Caro Ferrari,
In India, we love many things Italiane. We scarf down pizzas by the truckload (of course we like some of our own toppings, like tandoori chicken and paneer, more, but we’re sure you won’t mind), and all kinds of pasta too, with a little mirchi thrown in. When we’re feeling all posh, we slurp granitas and gelatos and forget we already had golas and kulfis. We like our cappuccinos and americanos. We adore olives on toothpicks with our daaru, and we’re fond of olive oil. And lest you think this is all about food, we’re also partial to visiting Italy, to take in your beautiful architecture, your art, your music, your scenic countryside. We think highly of your apparel designers (some take the adoration to the most sincere form of flattery), and one way to get Indians to look twice at a new brand of Indian attire (and other things too) is to give it an Italian-sounding name. Which also applies to real estate; you’ll notice a lot of piazzas and casas in the names of new projects, and Italian marble is very hot for interiors.
And yes, you may have heard that the most powerful person in India was born in your country.
So, Ferrari, basically we kind of like your country.
And, truth be told, your racing team has a huge number of fans in India too, going by the all the Ferrari merchandise we see here, not to speak of the fervent Facebook and Twitter posts about you.
Which is why it’s rather strange to see that in our grand prix, you plan to adorn your vehicles with Italian navy flags. “In doing so,” your web page says, “Ferrari pays tribute to one of the outstanding entities of our country.” Strange, you haven’t done that in all the years you’ve been racing, have you? No, wait, there’s a clue! You go on: “also in the hope that the Indian and Italian authorities will soon find a solution to the situation currently involving two sailors from the Italian Navy.”

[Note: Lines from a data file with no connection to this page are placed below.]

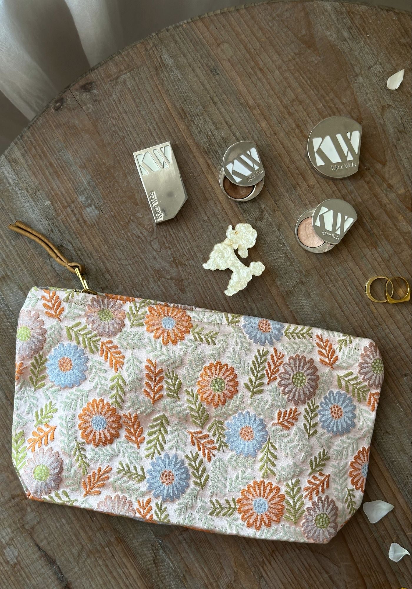 A large limited edition travel bag for your best cosmetics or accessories with a quilted silk feel to it and a raised daisy flower design that reminds us of seventies Woodstock fashion.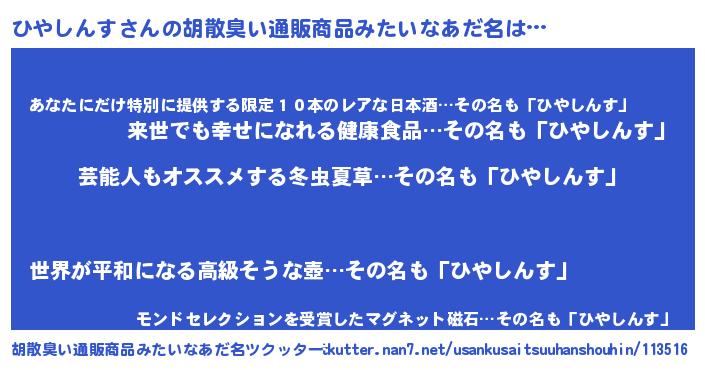 | 男性向けラノベタイトル風あだ名 | 『ひやしんす~年齢イコール彼女いない歴の魔法使い~』 |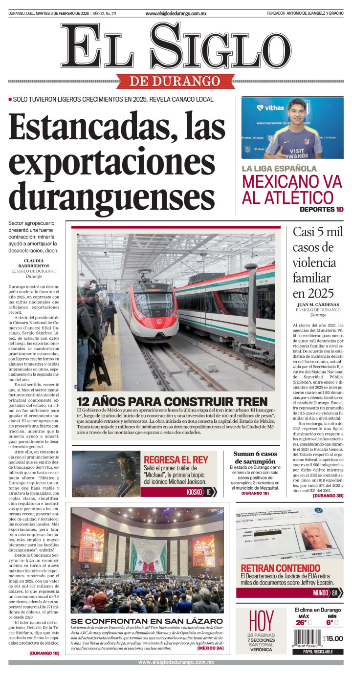 Edición impresa de El Siglo de Durango del martes 3 de febrero de 2026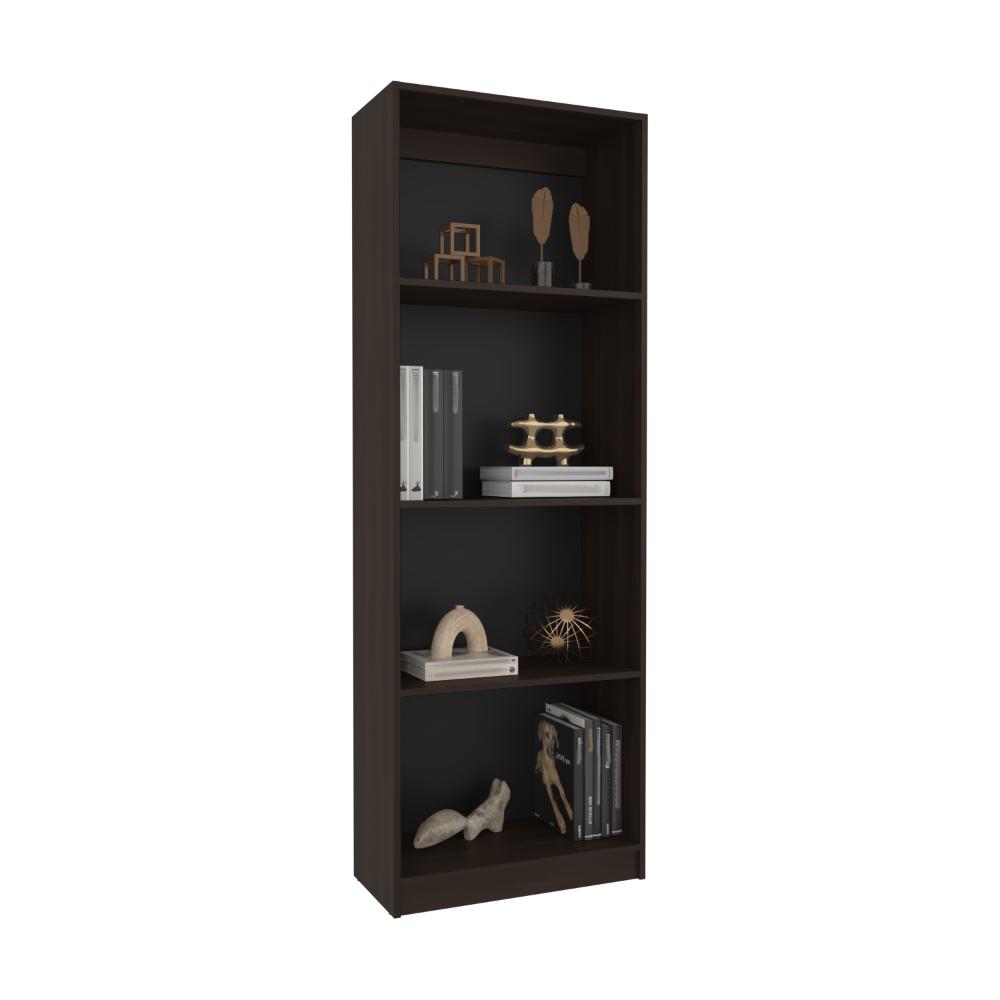 Biblioteca, con cuatro entrepaños para ubicar libros y elementos decorativos.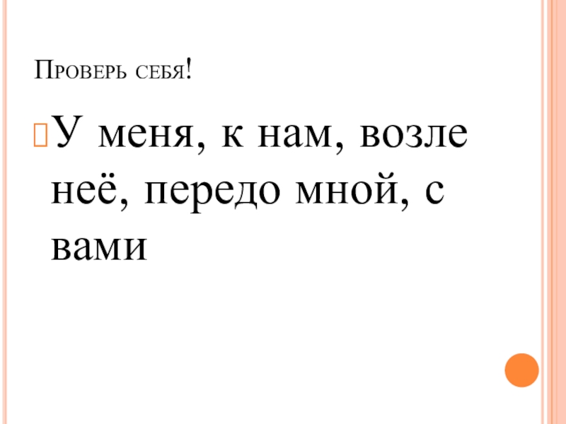 Проверь себя!У меня, к нам, возле неё, передо мной, с вами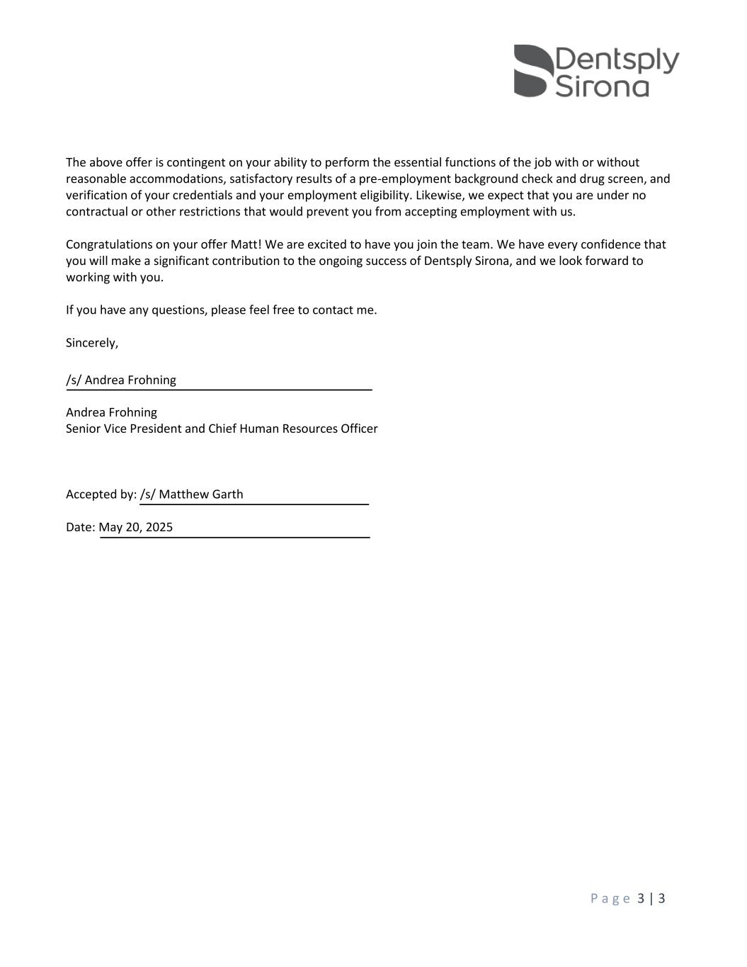 P a g e 3 | 3 The above offer is contingent on your ability to perform the essential functions of the job with or without reasonable accommodations, satisfactory results of a pre-employment background check and drug screen, and verification of your credentials and your employment eligibility. Likewise, we expect that you are under no contractual or other restrictions that would prevent you from accepting employment with us. Congratulations on your offer Matt! We are excited to have you join the team. We have every confidence that you will make a significant contribution to the ongoing success of Dentsply Sirona, and we look forward to working with you. If you have any questions, please feel free to contact me. Sincerely, Andrea Frohning Senior Vice President and Chief Human Resources Officer Accepted by: /s/ Matthew Garth Date: May 20, 2025 /s/ Andrea Frohning

Could you be referring to the sailors who are currently enjoying the hospitality of the Indian government because they killed are accused of killing two Indian fisherman in Indian territorial waters? [Edit note: The text initially said "killed," but since the matter awaits a court verdict, that has been changed. ~PG] The ones who your government wants released to be tried in Italy instead, because, perhaps, they don’t trust the third world Indian legal system to give the poor trigger-happy marines a fair trial?
Strange then that you choose to bring your high-tech cars and massive racing team to compete in an Indian event.
Why not just boycott the event in protest, if you think so poorly of India in general and Indian justice in particular?
I mean aren’t you worried that India’s timers and racing officials will be not be fair? That we will puncture your tires and put sugar in your gasoline? That Indian audiences might somehow hamper your race? That a win in India might be, I don’t know, somehow less valuable?
No.
Wait.
Money.
Ah.
Scusi. Pardon us. We get it now. You need the points. You've poured a lot of money into the team, and you want to see some return on the cash. After all, you’re still in the running for both the constructors’ and the drivers’ championships. That’s business. Nothing personal.
Right.
We, on the other hand, can be emotional. Sometimes too emotional, I concede, but hey, we’re like that.
So, pardon us for this.
Ferrari, go home! Ferrari, vai a casa!